Man mano che il commercio, la finanza, i viaggi e le comunicazioni sono diventati più aperti, si sono diffusi anche la produzione, il transito e il consumo di beni illeciti, con persone in posizioni di potere che cercano di trarne vantaggio. Le reti criminali cercano di corrompere i funzionari pubblici per facilitare le loro attività, rendendo la corruzione un importante facilitatore della criminalità. La valutazione della minaccia rappresentata dalla criminalità organizzata è grave e a sua volta la corruzione è una delle principali minacce da affrontare nella lotta contro criminalità organizzata.
Il diffuso ricorso alla corruzione è una caratteristica fondamentale della criminalità organizzata, con quasi il 60% delle reti criminali segnalate coinvolte nella corruzione nell’ #UE. Si tratta di una minaccia alla sicurezza, alla crescita economica, allo stato di diritto e alla coesione sociale.
A livello internazionale, la Convenzione delle Nazioni Unite contro la corruzione (UNCAC) è l'unico strumento universale anticorruzione giuridicamente vincolante. Adottato nel 2003, il lavoro dell’UNCAC (unodc.org/corruption/en/index.…) è necessario oggi più che mai, poiché la corruzione prospera nelle crisi e la recente pandemia di Covid-19 non ha fatto eccezione. Anche se l’intera portata della corruzione nella crisi del Covid-19 potrebbe non essere ancora nota, i prodotti medici e i kit di test per il Covid-19 falsificati e i prodotti correlati al Covid-19 (veri e falsi) venivano venduti sui mercati del dark web dall’inizio della pandemia.

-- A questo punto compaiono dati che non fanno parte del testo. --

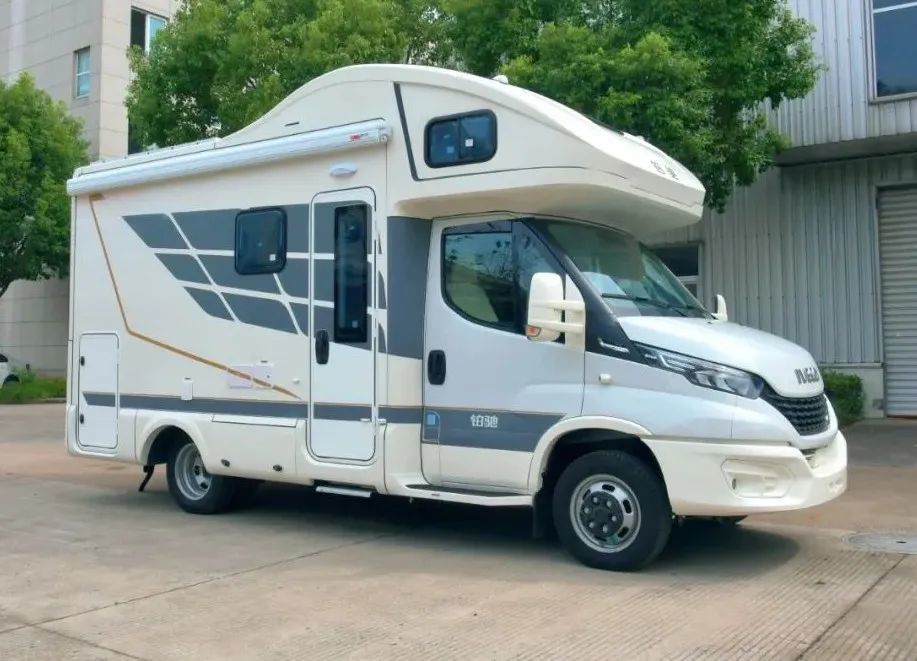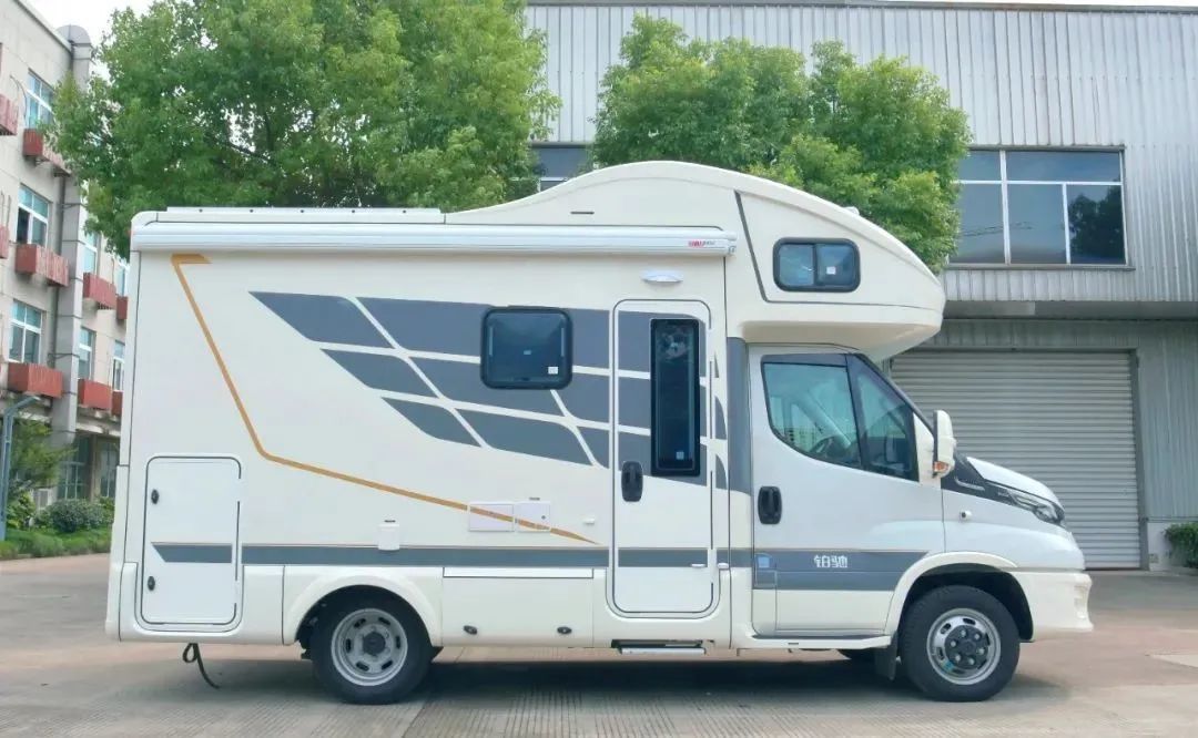 车身外部配备了房车专用乘客门、外置车载脉冲式柴油灶、菲亚玛遮阳棚、LED户外照明灯、市电接口、自吸加水口、进口电动踏步、外接10米电源线、外接20米水管等设施;进门处设有鞋柜方便更换鞋具;

Data l’urgenza delle situazioni di crisi e di ripresa, i governi, le banche e altri soggetti si sentono spesso obbligati a rinunciare a controlli rigorosi in nome della rapidità, rendendo la corruzione una grande preoccupazione in questi tempi. I gruppi criminali organizzati sono particolarmente ben posizionati per trarre vantaggio da questa situazione e dirottare le risorse tanto necessarie attraverso la corruzione. Poiché funge da facilitatore del traffico illecito, la corruzione è una preoccupazione sempre presente ed è necessario trovare modi per affrontarla.

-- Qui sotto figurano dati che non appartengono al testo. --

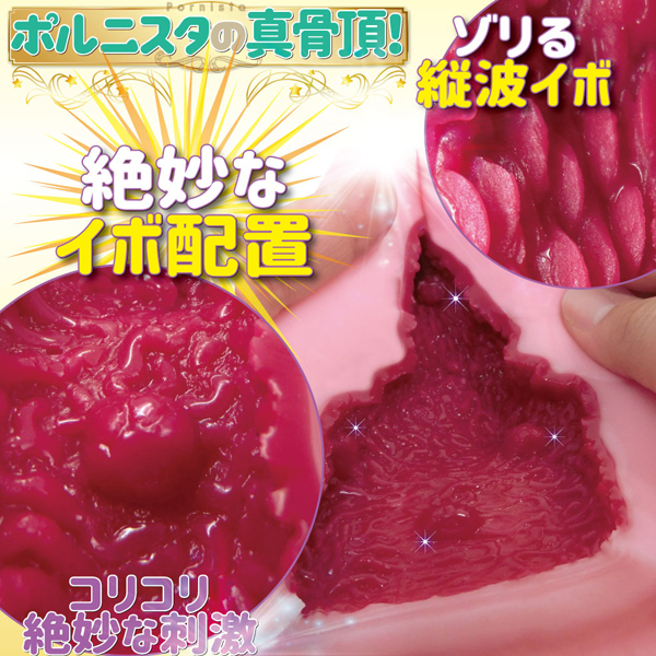 ビッグバウンズ!どーんと530g!極生ぬめるヌルヌル感。まったりした中に絶妙配置された昇天コリコリイボが心地いい!くびれ部分をぐるりと回してお好きな所にグイッとポイント攻め。絶妙なイボ配置とゾリる縦波イボがポルニスタの真骨頂!緩急のついたリアル生感触を体験しよう。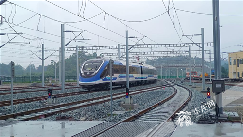 市域鐵路璧銅線進(jìn)行接觸網(wǎng)熱滑試驗(yàn)。華龍網(wǎng)記者 劉艷 攝市域鐵路璧銅線熱滑試驗(yàn)完成

In questo contesto, un importante ruolo è giocato da #CRIMJUST, parte del Programma globale sull’interruzione delle reti criminali (#GPCD) dell’Ufficio delle Nazioni Unite contro la droga e il crimine (#UNODC), in collaborazione con #INTERPOL. CRIMJUST in particolare ha lavorato per sostenere gli operatori della giustizia penale nell'identificazione e nell'affrontare le sfide in materia di integrità e responsabilità nella lotta alla criminalità organizzata, attraverso programmi di formazione specifici sull’etica e l’integrità per le forze dell’ordine e la magistratura. CRIMJUST ha fornito corsi specializzati in etica e integrità alle task force congiunte di interdizione aeroportuale, alle unità congiunte di controllo marittimo e alle unità di intelligence marittima.
L’UNCAC rimane un risultato fondamentale nella lotta globale contro la corruzione e ci sono richieste per un approccio più coordinato che colleghi l’UNCAC con la Convenzione delle Nazioni Unite contro la criminalità organizzata transnazionale. Ciò consentirebbe di affrontare in modo più completo queste minacce transnazionali intrecciate, poiché la necessità di coordinare le risposte alla corruzione e alla criminalità organizzata è ancora più urgente.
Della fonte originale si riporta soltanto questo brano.